EU/3/07/467 - orphan designation for treatment of idiopathic thrombocytopenic purpura

Thrombocytopenic purpura is a disease where the individual's defence system (the so-called immune system) starts to react against certain of his/her own blood cells that are involved in the blood clotting process, the so-called platelets. ITP is called “idiopathic” since the reason why the body starts reacting against its own cells is unknown. As a result, there will be fewer platelets present in the blood (thrombocytopenia), resulting in spontaneous bleeding and bruising of the skin in purple spots (this phenomenon is called purpura). ITP can be acute or chronic, and can occur in both children and adults. The severity of the bruising is determined by the degree of thrombocytopenia; it can vary from just small skin spots (petechiae) that occur after small injuries to spontaneous blood losses (haemorrhages) from the nose, in the gut or in the brain, which can be life threatening.

At the time of designation, idiopathic thrombocytopenic purpura affected between 1 and 4 in 10,000 people in the European Union (EU)*. This is equivalent to a total of between 50,000 and 199,000 people, and is below the threshold for orphan designation, which is 5 people in 10,000. This is based on the information provided by the sponsor and the knowledge of the Committee for Orphan Medicinal Products (COMP).

* Disclaimer: For the purpose of the designation, the number of patients affected by the condition is estimated and assessed on the basis of data from the European Union (EU 27), Norway, Iceland and Liechtenstein. This represents a population of 498,000,000 (Eurostat 2006).

Treatment of ITP depends on the form of the disease (acute or chronic) and on the age of onset. Current treatment methods include surgery, consisting of spleen removal (splenectomy), or medicines. Splenectomy is performed in order to limit the destruction of the platelets, since the spleen is the most important organ where old platelets are removed from the blood.
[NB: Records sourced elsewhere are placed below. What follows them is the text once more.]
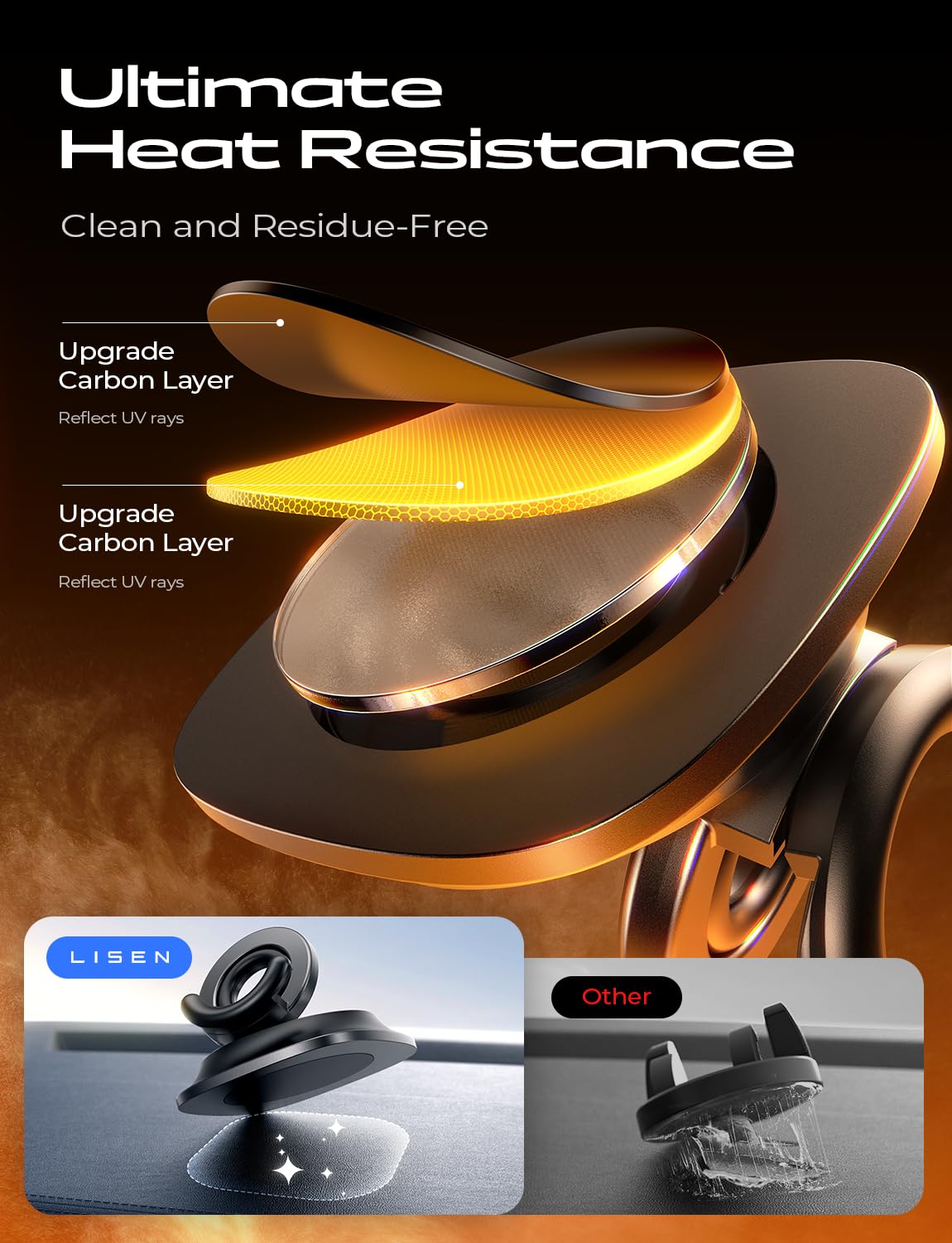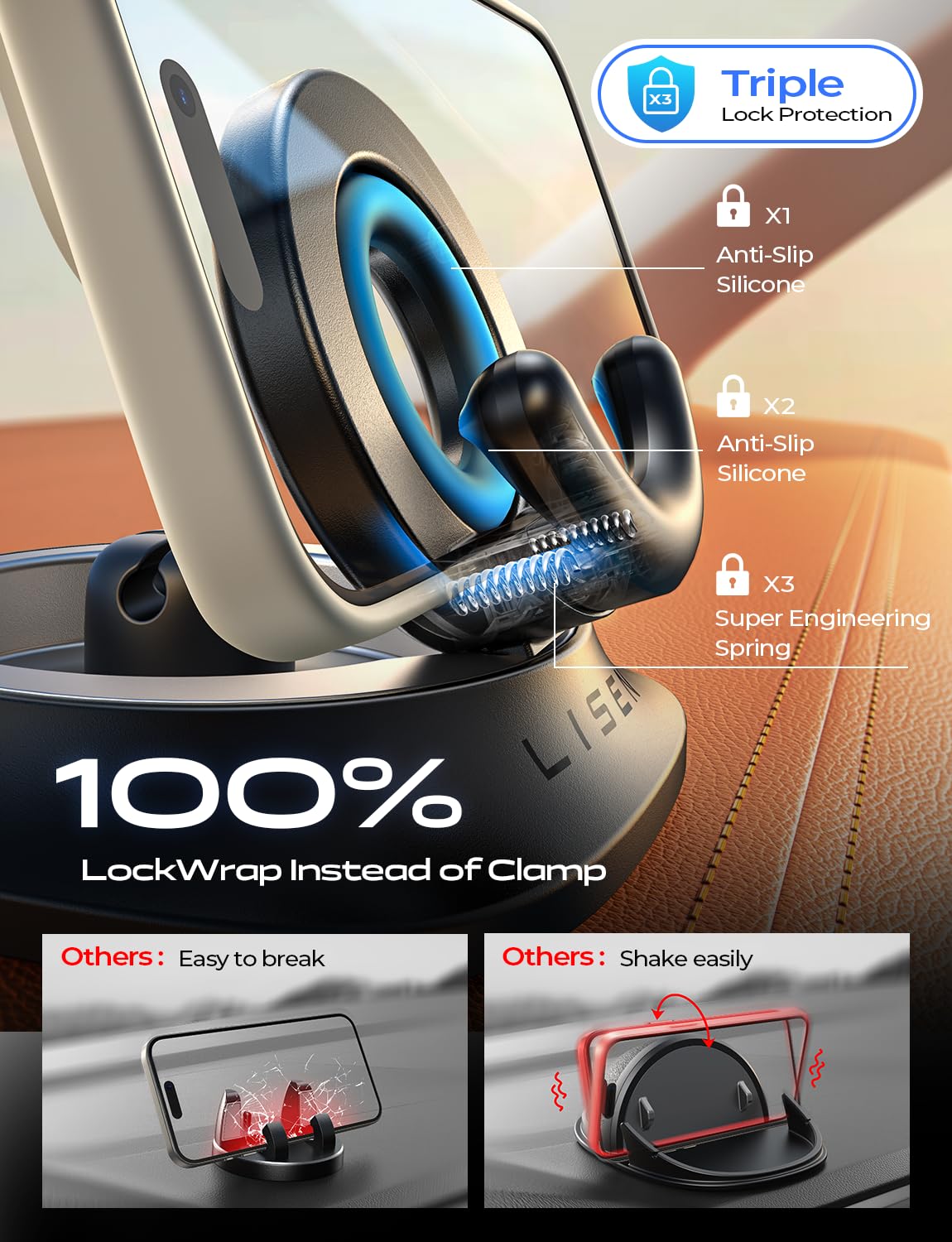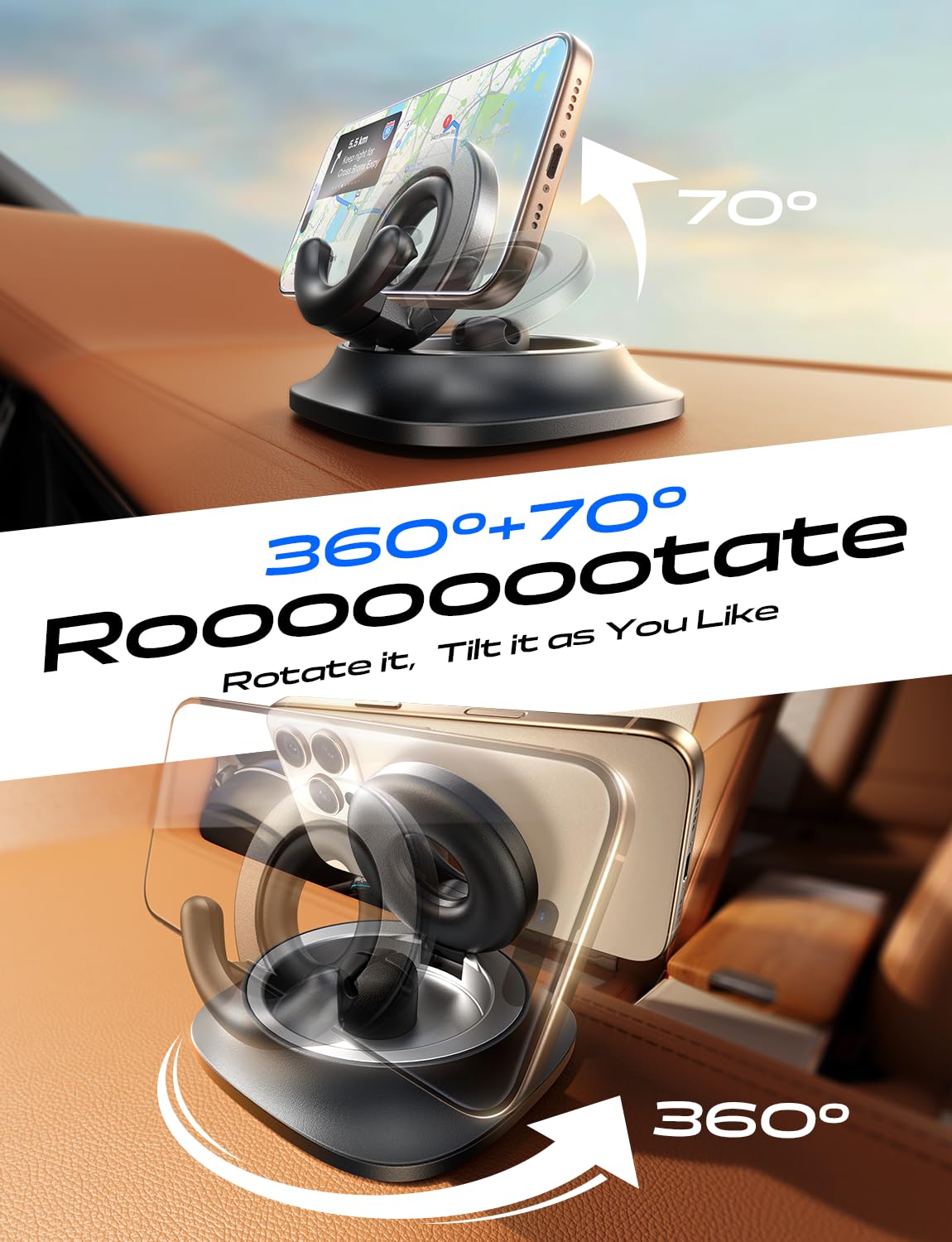 Lisen Dashboard Cell Phone Holder For Car [360+70Rotate Base] Dash Phone Mount Holder For Car Phone Holder Mount Stand Non Slip
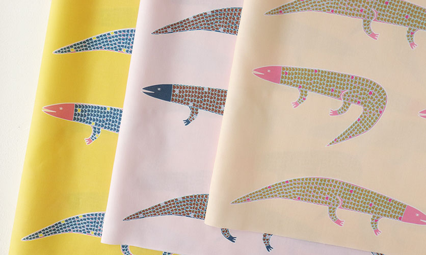 ・現在、すべてのデザインのプリントに使用している生地は6種類です。素材は100%コットン(オックス)・100%コットン(ダブルガーゼ)・100%コットン(ローン)・コットンリネン(ビエラ織)・100%コットン(ツイル)・100%コットン(キャンバス・11号帆布)です。
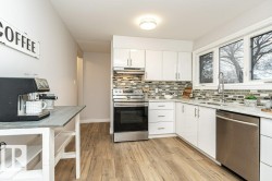 Step inside this BEAUTIFULLY renovated townhouse in Glengarry. NOT a condo, so no fees or pet restrictions. Main floor offers an all WHITE kitchen with stainless steel appliances and WELL-APPOINTED living and dining area. Upstairs boasts a LARGE primary bedroom with HUGE closet, GORGEOUS brand-new 4-piece bathroom and two additional bedrooms. Downstairs is a GREAT rec room and BRAND-NEW 3-piece bathroom. Watch your kids play right outside your front window at the park or walk them across the field to school. Updates include vinyl siding, windows, furnace, hot water tank as well as all new flooring, paint and roof. EXCELLENT location close to multiple schools, Downtown and the Yellowhead
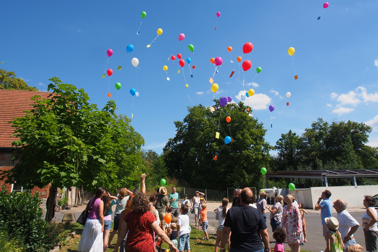 In einem bewegenden Ritual bekam jede Familien eine „Familienstele“, als Symbol für die Gemeinschaft in der Familie und Gott in ihrer Mitte. Dabei haben sich alle an den Beginn des Weges mit Gott, an die Taufe, erinnert.In vielfältiger, kreativer und gestalterischer Form haben die Kinder ihre Träume auf der Stele sichtbar gemacht. Sie übergaben die Stele an ihre Eltern, die ihre Träume gestalterisch einfügten. Am Ende arbeiteten Eltern und Kinder mit viel Freude an dem gemeinsamen Werk. Es war in dieser Einheit eine „WERDELUST“, die wunderbare Familienstelen hervorbrachte. Diese Familienstelen wurden in einer Vernissage auf dem Abteigelände aufgestellt. Gemeinsam mit einigen Mönchen und bei einem Glas Sekt wurden die Stelen von den Familien vorgestellt. Dazu haben die Kinder ihre selbst geschriebenen „Elfchen“ zur Stele vorgetragen. Es war ein intensiver, bewegender Nachmittag, in dem Familienträume sichtbar und hörbar wurden. Nach einem lustigen Grillabend mit fröhlichem Singen und einer guten Gemeinschaft endete der Tag mit der Komplet. Das Konventamt am Sonntag wurde vom Familienkurs mitgestaltet, Lesung, Fürbitten und wir zwei fröhliche Lieder: „Sei kein Frosch“ und „Ein Volltreffer bist du“. Danach waren wir beim Kurs der Steinbildhauer zu Gast und haben die erschaffenen Werke in der Vernissage bewundert. Zum Abschluss dieser intensiven Familienkurstage haben wir unsere ganz persönlichen Träume mit bunten Luftballons und dem Lied „99 Luftballons“ in den blauen Sommerhimmel fliegen lassen. Die Leichtigkeit, Freude und Herzlichkeit dieser Tage war bei allen Familien im Abschied nehmen zu spüren. Der nächste Kurs „Familien und Kloster“ findet vom 1. – 4.8.2019 in derAbtei Münsterschwarzach statt.
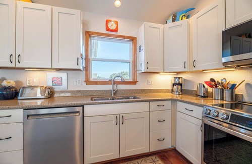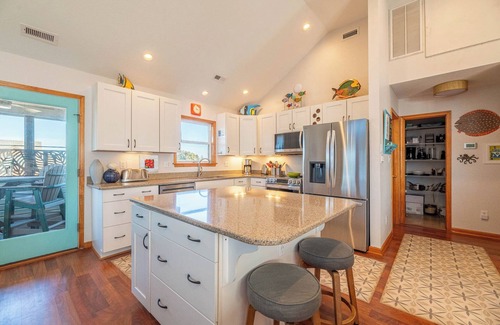 The ground floor has a newly renovated game room with modern lighting, flooring, and a beautiful American-made vintage pool table. There's even an outdoor ping pong table in the carport. The large, well-equipped kitchen offers new stainless-steel appliances, quality stainless cookware, flatware, dinnerware, and serving pieces to satisfy even the most serious cooks.
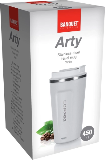 Mug isotherme de voyage Arty à double paroi de 450 ml qui garde vos boissons chaudes ou froides plus longtemps grâce au corps sous vide. Conception robuste en acier inoxydable 201/304, dimensions confortables pour la prise en main et la plupart des porte-gobelets de voiture, et couvercle pratique pour un usage quotidien. Idéal pour le travail, la voiture et les déplacements.
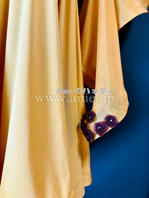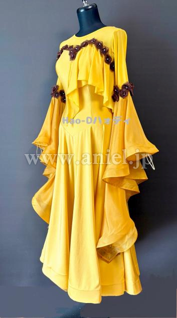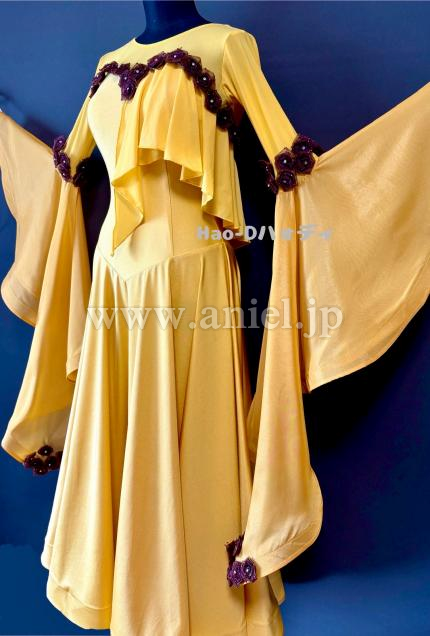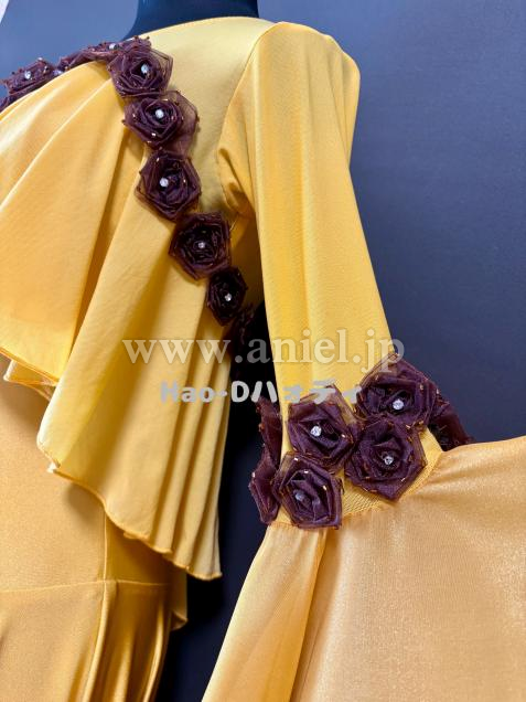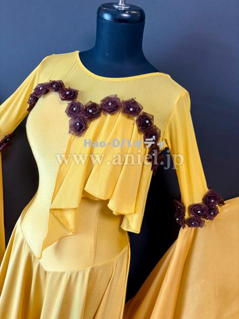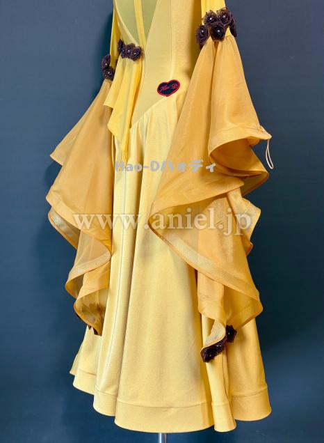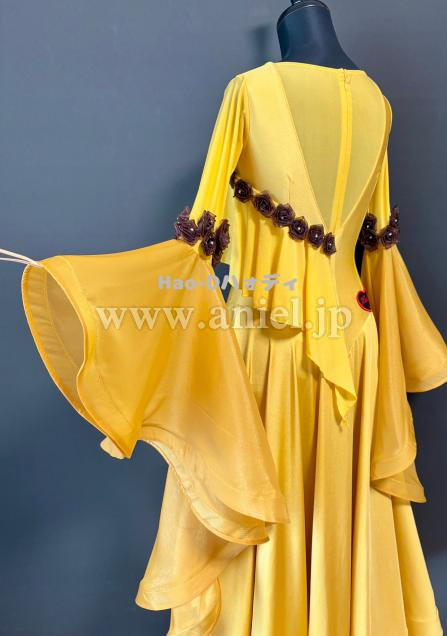 可愛らしいブラウンの小花を飾ったサフランイェローのドレス
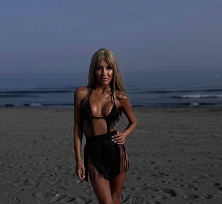 Haare:blond, rückenlang
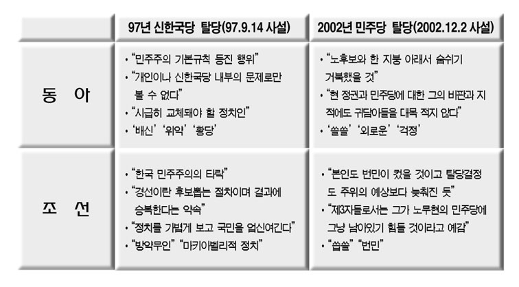 이용성 한서대 신문방송학과 교수는 “97년 탈당과 보도차이는 조선과 동아가 추구하는 방향과 연관되어 생각해야 한다”면서 “조선과 동아는 여전히 이념대결 구도에 대한 미련을 가지고 있음을 알 수 있다”고 말했다.
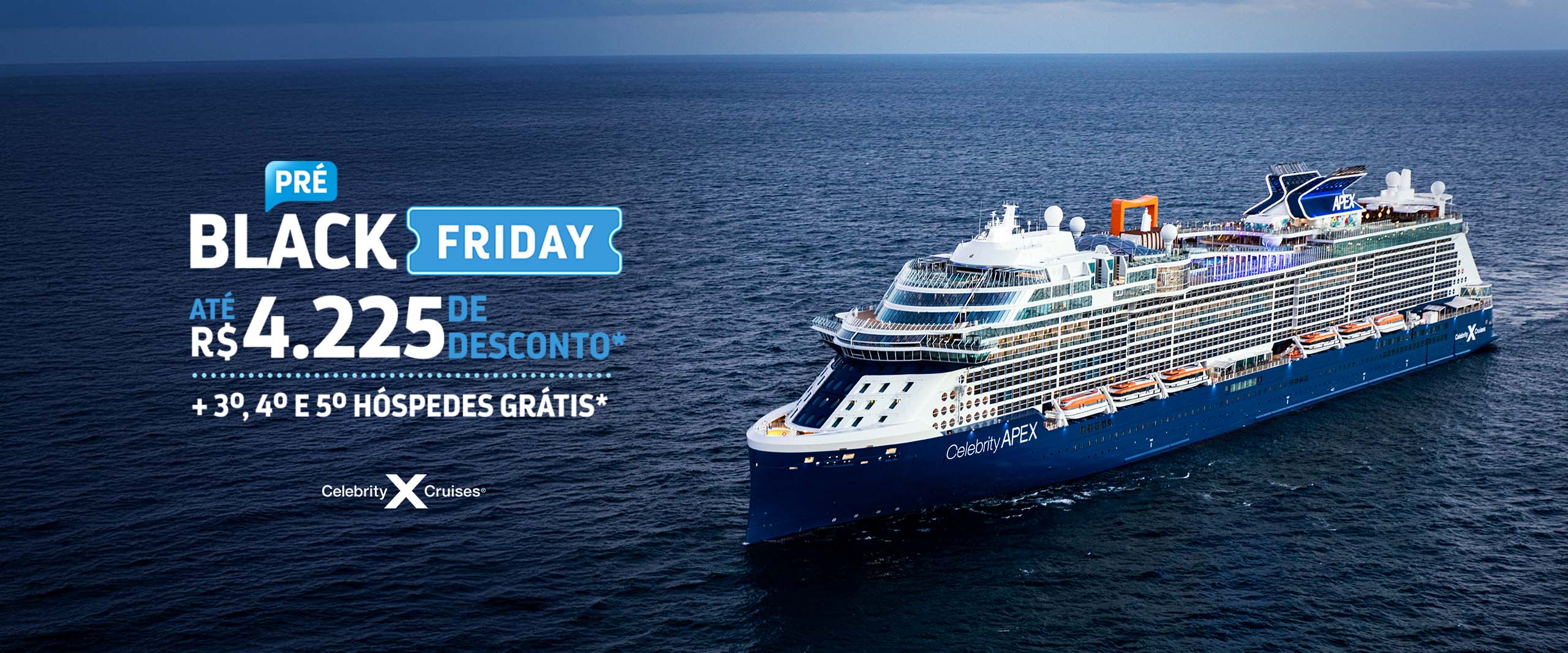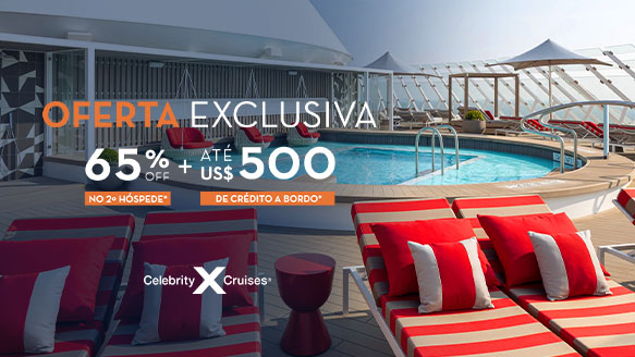 Produtos aplicáveis: Saídas selecionadas em cruzeiros a partir de 3 noites entre 07/11/2025 a 10/05/2028, exceto Celebrity River Cruises, Galápagos e Alasca Cruisetours.
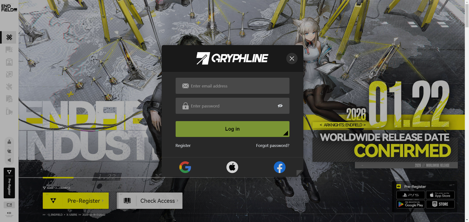 Official pre-registration page: https://endfield.gryphline.com/
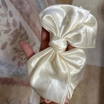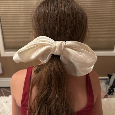 Complement your outfits with the Satin Bow Hair Barrette from A New Day™. This ivory hair barrette is designed in the shape of a bow for a beautiful look that suits everyday wear as well as parties and special occasions. Made of shiny satin fabric, this barrette helps secure and style all types of hair.

Several types of medicines were authorised in the Community for the treatment of ITP at the time of submission of the application for orphan drug designation.

Eltrombopag olamine could be of potential significant benefit for the treatment of idiopathic thrombocytopenic purpura because it may act in a different way to other available medicines. This assumption will have to be confirmed at the time of marketing authorisation. This will be necessary to maintain the orphan status.

Platelets are cells that derive from a parent cell in the bone marrow, the so-called progenitor cells which develop into platelets through several cell divisions. Eltrombopag olamine is a medicine that might increase the number of platelets by stimulating their production from the progenitor cells.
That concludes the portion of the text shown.